I read this as 'game A writes data, and game B reads it'. The main trouble I see here is that B must understand what A says. In a network, this is called a protocol, a set of agreements on things you can express in a communication, and it easily extends to off-line communication I think.
Right. This is not a protocol (in the sense of network communication) with which games communicate with one another. It is more like a data format that, for all intents and purposes, is a standard JSON file that uses certain keywords or "suggestions" for a host application that loads it.
Think of it as the same as any other game-related asset (such as a 3D mesh; or a world-map file), but for general game content.
As for JSON with a twist, I'd advise against it. Using an open, commonly available standard, such as xml or json, is much more useful than any home-brewn format, as inevitable, the knowledge of reading it will get lost, be available in the wrong programming language or platform, etc etc.
It's not JSON with a twist in the sense that it would be a different format. These files would theoretically be standard JSON, with a few conventions layered on top.
If you worry about size, throw a standard compression algorithm against it. It will probably perform equal or better than any smart encoding you can think of, for a fraction of the effort. Besides, disk-space is hardly a problem nowadays (although, I am down to less than 8GB free
That's pretty much what I was going to do from the start. I'm not looking to reinvent that particular wheel.

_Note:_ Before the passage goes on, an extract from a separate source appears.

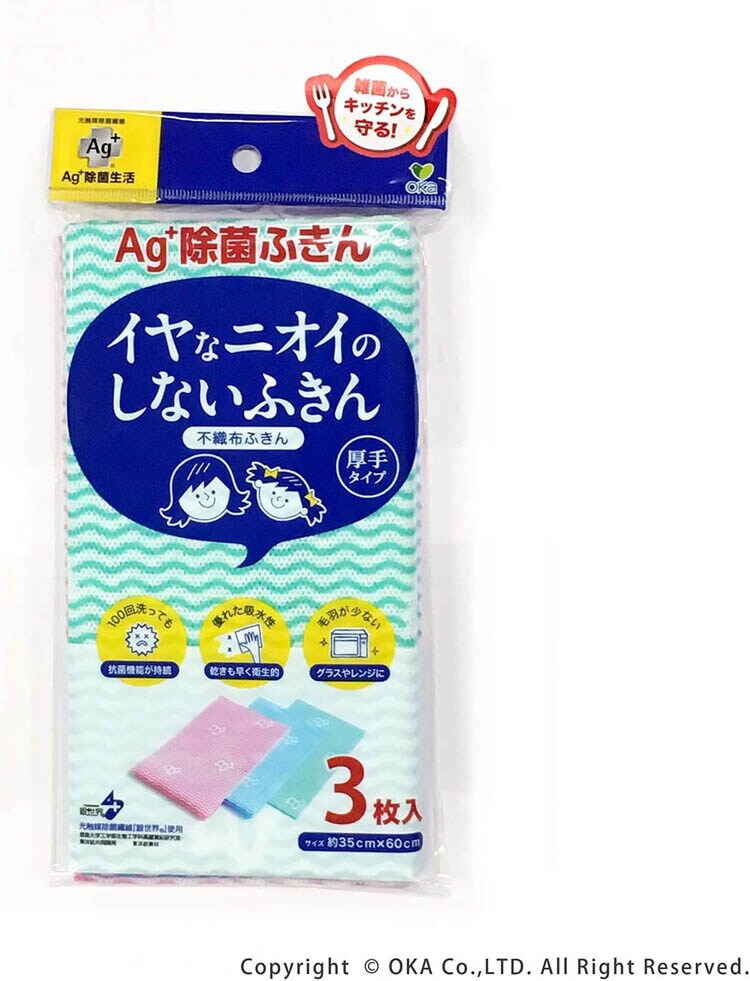 オカ イヤなニオイのしない不織布ふきん Ag+除菌 ピンク・ブルー・グリーン (3枚)

Further down your message, you mention 'someone writes a file', which got me thinking about languages for adventure authoring, is this getting any closer?
Yes, that's the whole purpose. This is aimed at allowing people to write a complete game, pack it up into a file, and then use a compliant host application to read and interpret the file. This concept is based on game engines such as Doom and Quake, where the game itself was just a host application that would load WAD and PAK files (respectively) to find its graphics, levels, scripts, and so forth.